Last edited Sat Mar 14, 2026, 11:56 PM - Edit history (2)
When you look at the lengthy legislation, search the word 'personal'. It only appears 8 times in the document (the first couple of hits are in a different context).
And then, see below for some added nuance, apropos why this is not in effect, despite being settled law.
MEDICARE PRESCRIPTION DRUG, IMPROVEMENT, AND MODERNIZATION ACT OF 2003
https://www.govinfo.gov/content/pkg/PLAW-108publ173/html/PLAW-108publ173.htm
Excerpt, re: personal importation of prescription medications. [CIPA certification checks all these boxes.]
(3) Drugs imported from Canada.--In
particular, the Secretary shall by regulation grant individuals
a waiver to permit individuals to import into the United States
a prescription drug that--
``(A) is imported from a licensed pharmacy for
personal use by an individual, not for resale, in
quantities that do not exceed a 90-day supply;
``(B) is accompanied by a copy of a valid
prescription;
``(C) is imported from Canada, from a seller
registered with the Secretary;
``(D) is a prescription drug approved by the
Secretary under chapter V;
``(E) is in the form of a final finished dosage that
was manufactured in an establishment registered under
section 510; and
``(F) is imported under such other conditions as the
Secretary determines to be necessary to ensure public
safety.
The excerpt shows that Congress explicitly created a legal framework to permit individuals importing prescription drugs from Canada for personal use.
However, as the text itself indicates, this authority is contingent on the Secretary of Health and Human Services (HHS) first establishing regulations to put the program into effect. This is the critical point where the law on paper meets the reality of implementation.
The Law vs. The Reality: Why the Waiver Isn't Active
The section, specifically (j) Waiver Authority for Importation by Individuals, does several things:
1)
It declares Congressional intent: Congress states that the Secretary "should exercise discretion" to permit personal importation that doesn't pose a public health risk.
2)
It grants authority: It explicitly gives the Secretary the power to grant waivers, either through a general regulation or on a case-by-case basis.
3)
It specifically mandates a regulation for Canadian imports: Paragraph (3) is the key. It says the Secretary "shall by regulation grant individuals a waiver" to import a 90-day supply from a licensed Canadian pharmacy, provided specific safety conditions are met (e.g., a valid U.S. prescription, the drug is FDA-approved, etc.).

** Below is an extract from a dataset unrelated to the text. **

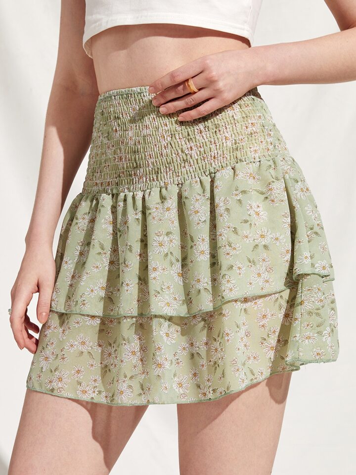 Floral Print Shirred Two Layered Hem Skirt
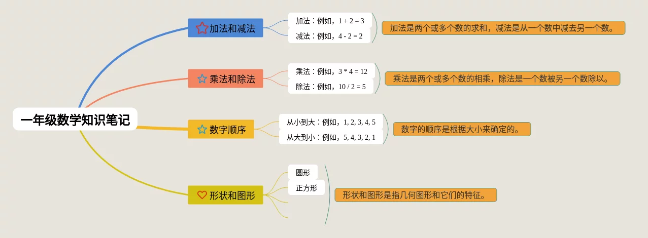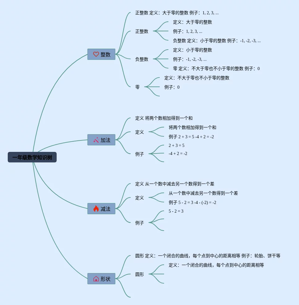 24张一年级数学知识树思维导图汇总,一年级数学知识树思维导图,内容涵盖整数、加法、减法、形状等4个方面,24张精选版,每张思维导图都非常简单,每张图片均精选版。

This language is mandatory ('shall by regulation'). So, why isn't this program up and running? The answer lies in the actions (and inactions) of subsequent HHS Secretaries.
Despite this law being passed in 2003,
no HHS Secretary has ever issued the final regulations needed to implement Section 1121. This is often referred to as the law being "on the books" but not "in effect." Successive Secretaries from both Republican and Democratic administrations have declined to move forward, citing concerns about the safety and security of the pharmaceutical supply chain, the logistical challenges of implementation, and opposition from the pharmaceutical industry.
Still (so far), FDA chooses not to enforce the law for personal use..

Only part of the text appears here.